1.3 Further pre-processing:

Add prefix raw_ to all column names to avoid name clashes with Darwin Core terms:

colnames(raw_data) <- paste0("raw_", colnames(raw_data))

Preview data:

raw_data %>% head()

2 Create taxon core

taxon <- raw_data

2.1 Pre-processing

Some taxa in the checklist are duplicated, i.e. they are found in two rows instead of one (see this issue). This is because of two reasons:

  • most of these duplicated taxa have two contrasting distribution records which depend on the consulted resource (data based solely on DAISIE portal and data based on all sources).
  • In one particular case, i.e. for Elachista, this is a homonym problem.

In the taxon core, we only want one row per taxon. We want to keep the homonyms but remove the taxa which have two distribution records.

Identify the rownumbers of the duplicated taxa (exclude Elachista):

duplicated_taxa <- which(duplicated(taxon$raw_scientificName_clean) == TRUE & taxon$raw_genus != "Elachista")

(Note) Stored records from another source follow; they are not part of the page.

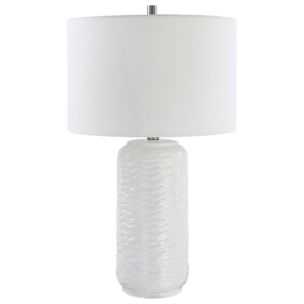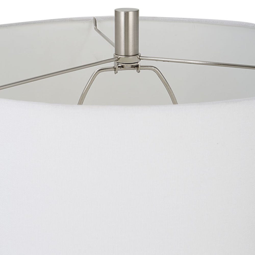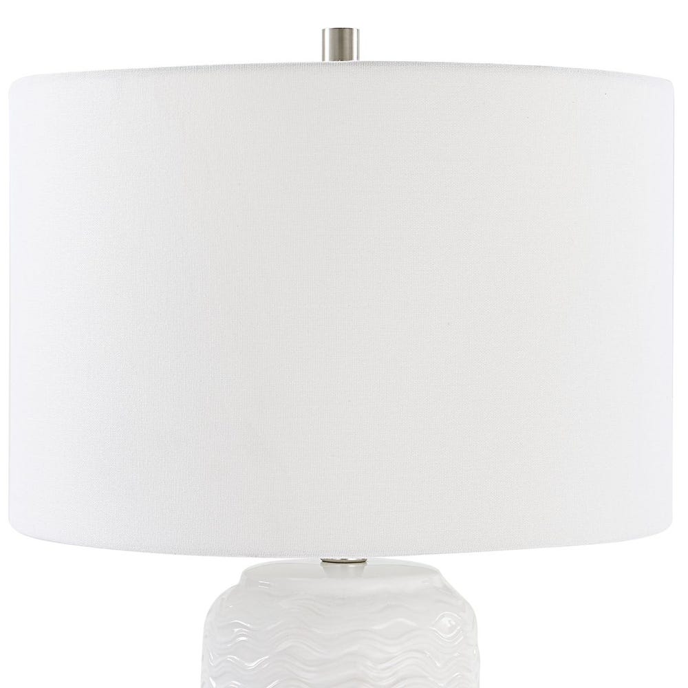 Add refined modern elegance to your interior lighting with this decorative Ceramic Table Lamp. Featuring a sculptural white ceramic base with a subtle wavy textured surface, the lamp introduces depth and artistic character to tabletops while maintaining a clean and contemporary aesthetic. Brushed nickel accents provide a polished metallic contrast that enhances the minimalist design.
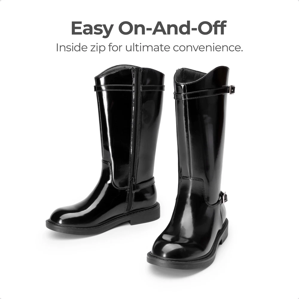 About this item Style for Every Outfit: With a classic round toe design and stylish buckle accents, these girls’ boots are ideal for finishing any outfit from jeans to skirts to dresses. Walk Comfortably: Let her walk in comfort and with ease. Built with a lightweight outsole with non-slip traction, these boots for girls ensure light, secure steps. All-Day Cushioning: Made with a latex-cushioned insole, every step she takes in these black knee-high boots will be easy and comfortable. Easy Side Zipper: Zip up and go in a flash! These girls’ riding boots are quick to wear and remove with a convenient side zipper your little girl can easily handle. Dress Up Or Down: These girls’ black boots are suitable for a variety of occasions, from everyday styling to special events like parties and horseback riding. Payment Shipping Return Contact us Feedback Payment 1.Payment must be received within 7 business days of auction closing. 2.We ship to your eBay or Paypal address. Please make sure your eBay and Paypal address is correct before you pay. Shipping 1. We try our best to ship out same day for payment cleared before 5.00 PM (Pacific Time) 2. Order placed on weekend or holiday will be shipped on Monday or next working day. Return 1.We offer 30 days return policy. Please contact us within 30 days from the date you receive your order if you have any issues with the product and want to return. 2.All items must be returned in the original packaging and you must provide us with the tracking shipping number, specific reason for the return, and your eBay ID. 3.We will refund you FULL WINNING BID AMOUNT, upon receipt of the item in its original condition and packaging with all components and accessories included, AFTER BOTH Buyer and Seller cancel the eBay transaction. Or, you can choose to get a replacement Contact us All communication is done through EBAY MESSAGES ONLY. If any question, please feel free to contact us via "Ask seller a question" or "Contact Seller",We try our best to reply to your emails as soon as possible, due to high volume of daily incoming emails and time zone difference, we may not be able to reply your emails immediately. Please allow 1-2 business days for us to response. Feedback When you receive the item and satisfied with the product, please leave us positive feedback. If for any reason you are not satisfied with your purchase from us, please contact so we can get to work and resolve this issue for you. Please don't leave neutral or negative feedback without giving us an opportunity to try and make it right. Our goal is to ensure a happy shopping experience with us. Your Positive feedback is very much appreciated! On Aug 17, 2025 at 23:24:55 PDT, seller added the following information: On Sep 15, 2025 at 20:24:40 PDT, seller added the following information:
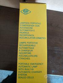 Lampada Starlux portatile d'emergenza con accensione automatica e ricarica incorporata. Accumulatori ermetici

Exclude these from the taxon core:

taxon %<>% slice(-duplicated_taxa)

2.2 Term mapping

Map the data to Darwin Core Taxon.

2.2.1 language

taxon %<>% mutate(language = "en")

2.2.2 license

Although the source data are published under the Open Database License, we have the permission to pulish the checklist under the CC0 waiver.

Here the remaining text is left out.